Essa coisa de opção tática começou, no Santos, em 1967, quando o técnico Antoninho às vezes preferia colocar Abel na ponta-esquerda, no lugar de Edu. A torcida, é claro, ficava maluca, pois mesmo sem ajudar tanto o meio-campo, Edu era um jogador espetacular e Abel apenas um craque.

Hoje os professores têm uma estratégia para cada jogo, dependendo do adversário, do lugar, da altitude, do juiz, do tempo, da pressão atmosférica etc. Será que isso realmente funciona? Acho que é complicar algo que pode ser mais bem mais simples. Aliás, ao invés de pedir aos jogadores para “fazer o simples”, Adilson Batista talvez devesse seguir o seu próprio conselho.

Qual o melhor time que o Santos pode colocar em campo hoje? A defesa que jogou ontem, com Pará na lateral-direita e Léo na esquerda (eventualmente substituídos por Danilo e Alex Sandro), Edu Dracena e Durval na zaga, Rafael no logo. Defesa, aliás, que jogou muito bem ontem, principalmente o valente Durval, que limpou tudo lá atrás. Foi possível perceber, também, que num jogo desses, de maior pressão, a experiência e a liderança de Edu Dracena ajudam a tranqüilizar as coisas lá atrás.

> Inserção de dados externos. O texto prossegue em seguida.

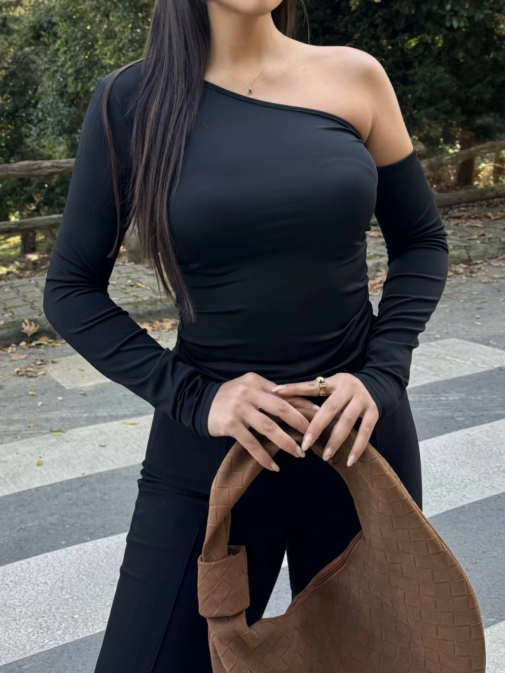 Siyah Tek Omuz Crop

No meio, Arouca, Possebon e Elano devem jogar, mas ou o quarto homem tem de ser um meia, como Ganso, Alan Patrick ou Felipe Anderson; ou se mantém os três do meio e se escala o ataque com três jogadores: Neymar, Zé Eduardo e Maikon Leite. Este é o óbvio. Este é fazer o simples.

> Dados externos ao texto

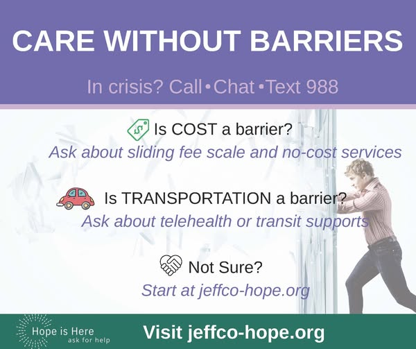 Cost and transportation shouldn’t stand in the way of getting care. We are happy to offer sliding scale fees, accept Medicaid, and provide telehealth appointments—so care is always within reach. Explore additional assistance options through the ASPEN resource directory at jeffco-hope.

É muito mais fácil pedir para um atacante voltar para ajudar na marcação, do que pedir para um jogador de marcação ajudar o ataque. Destruir não exige tanta prática e perfeição como criar jogadas ofensivas. Pelé também sabia marcar e roubar bolas, como Pepe e Dorval. E a vantagem era que o técnico Lula não precisava, em jogos fora de casa, tirar Pepe ou Dorval para escalar mais volantes.

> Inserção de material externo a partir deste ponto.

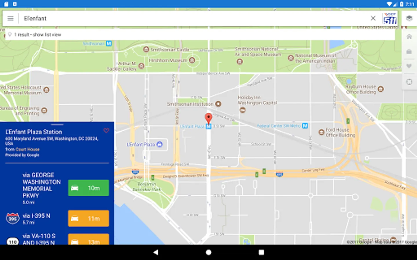 The Virginia 511 mobile application combines official information from the Virginia Department of Transportation (VDOT), driving and transit directions from Google, navigation with Waze, and other sources of information to provide a dynamic one-stop-shop for traveler information needs across Virginia.

Adilson Batista é inventor ou científico? O futuro dirá

Em Minas Gerais Adilson Batista deixou fama de ser um técnico que inventa, que não faz o simples, que escala jogadores fora de suas posições. Por isso, trouxe de lá o apelido de “Professor Pardal”. No Santos, quem o acompanha de perto diz que é um workaholic, alguém que trabalha muito, que faz questão de saber as estatísticas de cada jogador logo após as partidas, para analisar os passes certos, errados, roubadas de bola, chutes etc. E também, dizem, é um técnico extremamente correto, sem esquema com empresários.

Por essas qualidades, torço por ele. É bom saber que o Santos tem um técnico que trabalha, é honesto e não usa da profissão para tirar vantagens ilícitas e antiéticas. Mas, na verdade, ser honesto é obrigação. Para ser o técnico que o santista quer é preciso ser também competente, ousado, motivador e passar essa determinação à equipe.

E é preciso, finalmente, ter a consciência de que o Santos não é o time que fez mais gols na história do futebol por acaso. Se o Alvinegro Praiano estréia em uma competição tão aguardada, com um empate em 0 a 0, a sensação que fica sempre será de frustração. A não ser que o 0 a 0 valha o título.

Que lições o Santos deve tirar desse empate com o Táchira? O Santos deve ter um time titular para todos os jogos, ou o técnico deve escalar conforme as circunstâncias?